Au large d’Ajaccio, l’archipel des Sanguinaires entre dans une nouvelle phase de restauration écologique. Après plusieurs mois d’opérations menées dans le cadre du programme européen Life espèces marines mobiles, les premiers résultats de l’éradication du rat noir apparaissent particulièrement encourageants. Objectif : restaurer durablement la biodiversité des îlots et favoriser, à terme, l’installation du puffin yelkouan, un oiseau marin protégé emblématique de Méditerranée.

Archipel des Sanguinaires : l’éradication du rat noir ouvre une nouvelle étape pour la biodiversité au large d’Ajaccio

Une mission scientifique en cours sur les îles Sanguinaires

Depuis plusieurs jours, une équipe réunissant l’ONG PIM, l’Office français de la biodiversité et le syndicat mixte de gestion des îles Sanguinaires mène une vaste mission de suivi écologique sur Mezzu Mare et les différents îlots de l’archipel.

Cette opération post-éradication vise à mesurer l’évolution de la biodiversité après la disparition du rat noir, espèce invasive particulièrement destructrice pour les écosystèmes insulaires méditerranéens.

Des enregistreurs acoustiques ont notamment été installés afin d’analyser la présence des oiseaux nicheurs et migrateurs. D’autres dispositifs permettent également d’observer l’évolution de la végétation, des insectes ainsi que des reptiles présents sur les îles, notamment les geckos et les lézards, considérés comme des espèces indicatrices de l’état écologique du site.

Le rat noir, une menace majeure pour les oiseaux marins

Longtemps présent sur l’archipel des Sanguinaires, le rat noir perturbait fortement les équilibres biologiques des îlots situés à l’entrée du golfe d’Ajaccio.

Contrairement au rat urbain, cette espèce invasive représente une menace directe pour les oiseaux marins nicheurs. Prédateur opportuniste, le rat noir s’attaque aux œufs, aux poussins et aux jeunes oiseaux, compromettant fortement les capacités de reproduction de plusieurs espèces méditerranéennes protégées.

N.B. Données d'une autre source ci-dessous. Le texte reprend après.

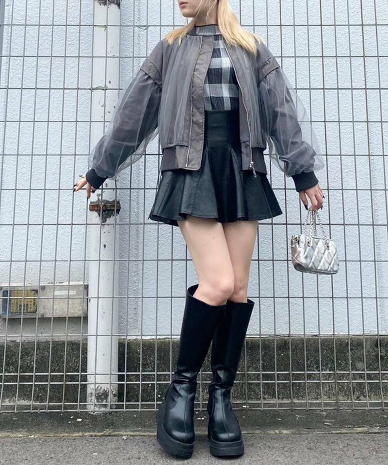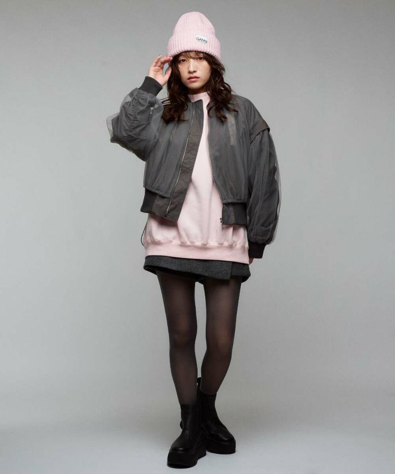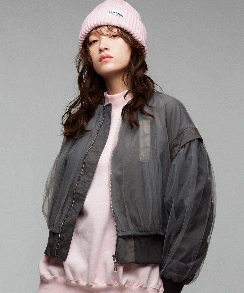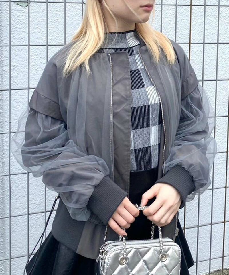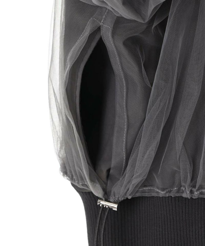 【MIDVEIN】“ストリートとモードを軸とし派生していく 遊び心のあるデザインをリアルクローズに” をコンセプトに“ ニューカジュアル ”を提案しているブランド。軽い着心地なのに防寒性も高いお洒落な優秀MA-1に、チュールがドッキングされたデザイン。ドロストコードがスポーティーな印象を、チュールでフェミニンさをプラス。ボトムを選ばない丈感とシンプルなデザインで着回し力◎【model】H156H163 B78 H84/H160 B80 H85

Son impact ne se limitait pas à l’avifaune. Herbivore et insectivore, le rongeur affectait également les jeunes pousses de plantes endémiques, les populations d’insectes et l’ensemble de la chaîne écologique des îles.

Parmi les espèces concernées figurent notamment le cormoran huppé, certaines fauvettes méditerranéennes, les martinets ainsi que le goéland leucophée.

Une opération d’éradication jugée très positive

Lancée en 2024 dans le cadre du programme Life espèces marines mobiles coordonné par l’OFB, la campagne de dératisation s’est déroulée sur plusieurs semaines avec l’appui d’une entreprise spécialisée.

Selon les premiers constats réalisés sur le terrain, le rat noir aurait désormais totalement disparu des îlots concernés. Les opérations de suivi menées depuis la fin de l’année 2025 n’ont révélé aucune nouvelle présence du rongeur.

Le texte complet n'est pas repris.